* **Exercise brief**: The data below should be transcribed in full, with no picture included.

* **Supplied information**:
· · ·

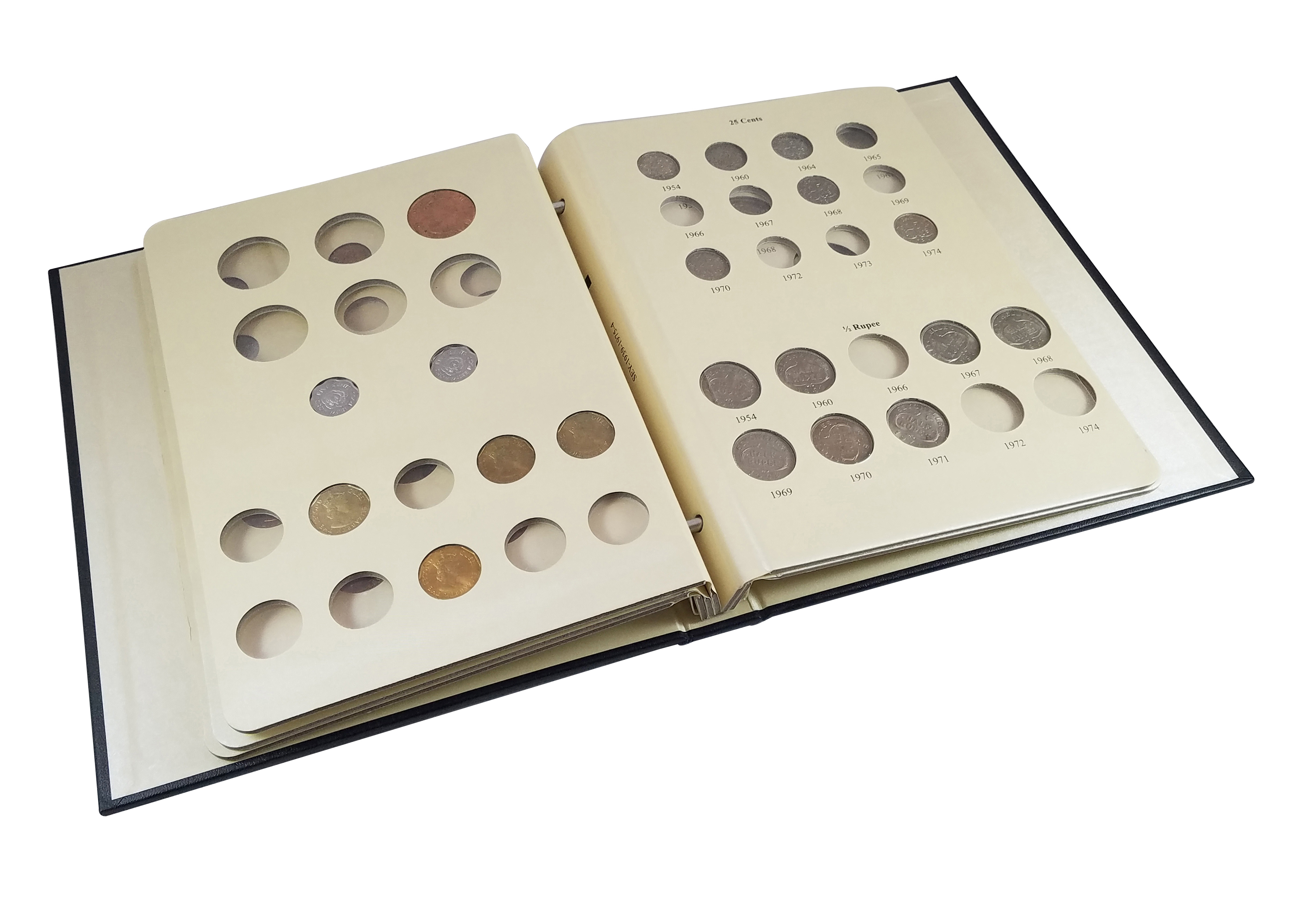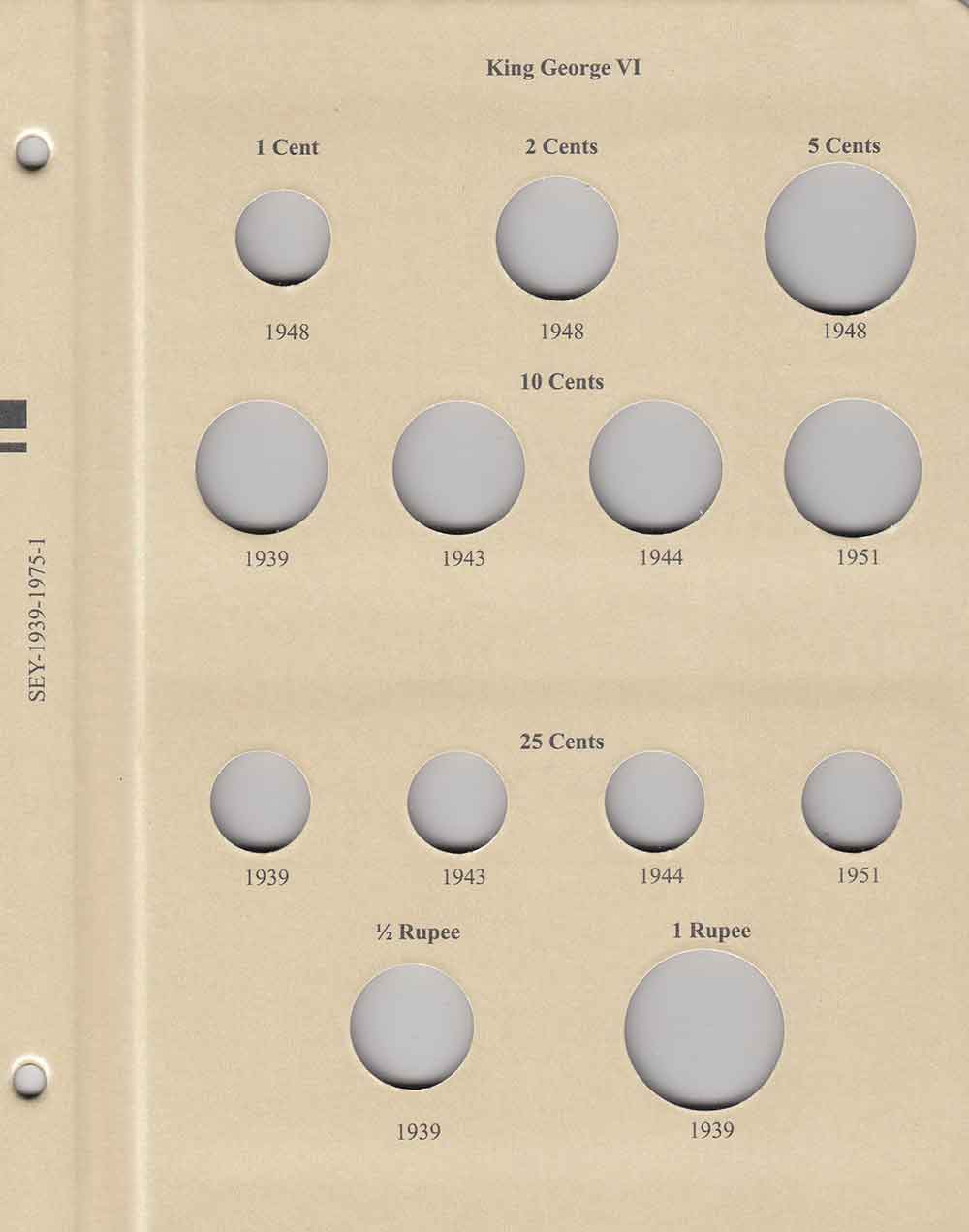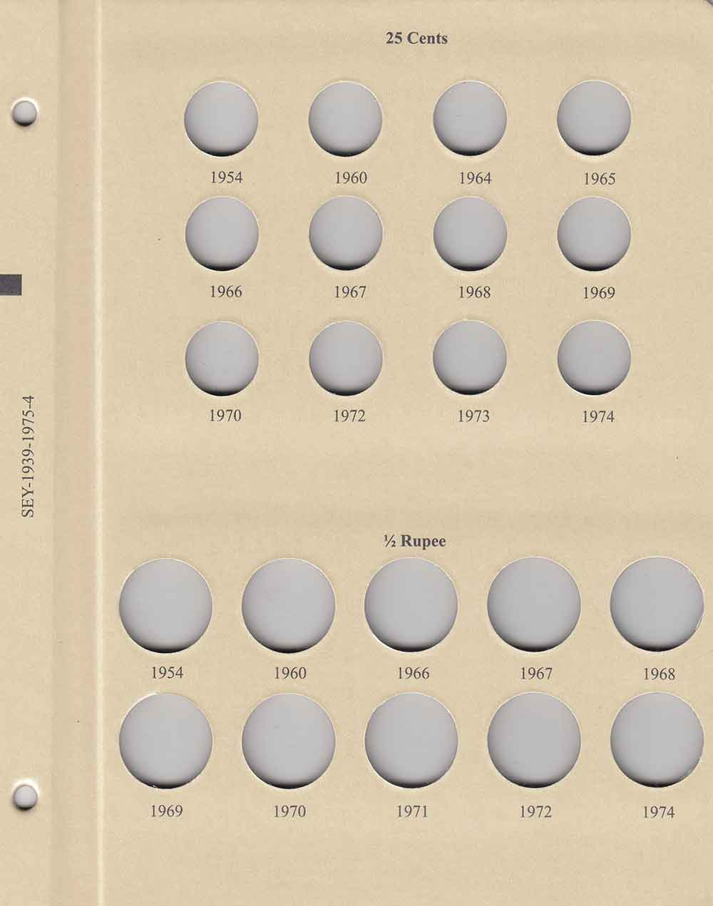 This album consists of 5 pages and contains a total of 75 slots. These slots are designed to house coins issued by Seychelles between 1939 and 1975, with the correct diameters and dates for all known varieties.
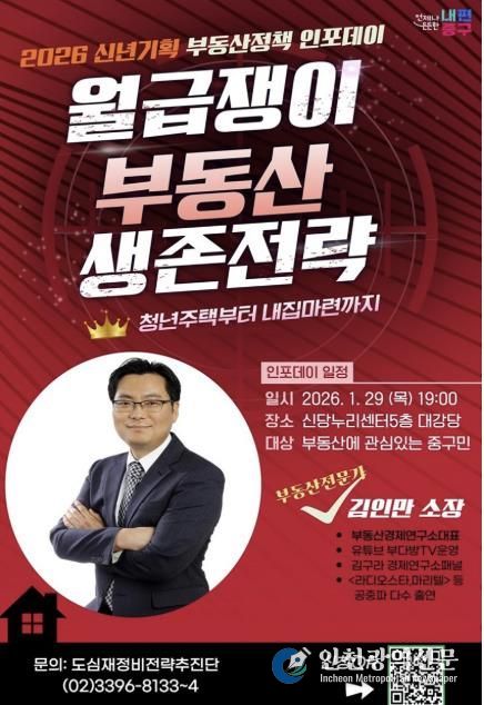 [인천광역신문] 박진 기자 | 서울 중구가 급변하는 부동산 환경 속에서 주민들의 현실적인 대응 전략을 돕기 위해 오는 29일 저녁 7시 신당누리센터 5층 대강당에서 올해 첫 도시런(learn) 스쿨‘신년기획 부동산 전략 인포(INFO)데이’를 연다.
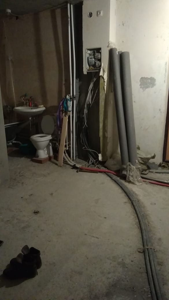 Штукатурка, шпатлёвка, обои, электрика, сантехника. В комнатах установлено по 8-10 розеток. На кухне столько же. По два выключателя. Прихожая, сан/узел, кухня, балкон плитка. Комната ламинат. Санузел раздельный. Общая площадь 54 м2. Комната 11 м2.

· · ·

* **Exercise output**:
 This album consists of 5 pages and contains a total of 75 slots. These slots are designed to house coins issued by Seychelles between 1939 and 1975, with the correct diameters and dates for all known varieties.
 [인천광역신문] 박진 기자 | 서울 중구가 급변하는 부동산 환경 속에서 주민들의 현실적인 대응 전략을 돕기 위해 오는 29일 저녁 7시 신당누리센터 5층 대강당에서 올해 첫 도시런(learn) 스쿨‘신년기획 부동산 전략 인포(INFO)데이’를 연다.
 Штукатурка, шпатлёвка, обои, электрика, сантехника. В комнатах установлено по 8-10 розеток. На кухне столько же. По два выключателя. Прихожая, сан/узел, кухня, балкон плитка. Комната ламинат. Санузел раздельный. Общая площадь 54 м2. Комната 11 м2.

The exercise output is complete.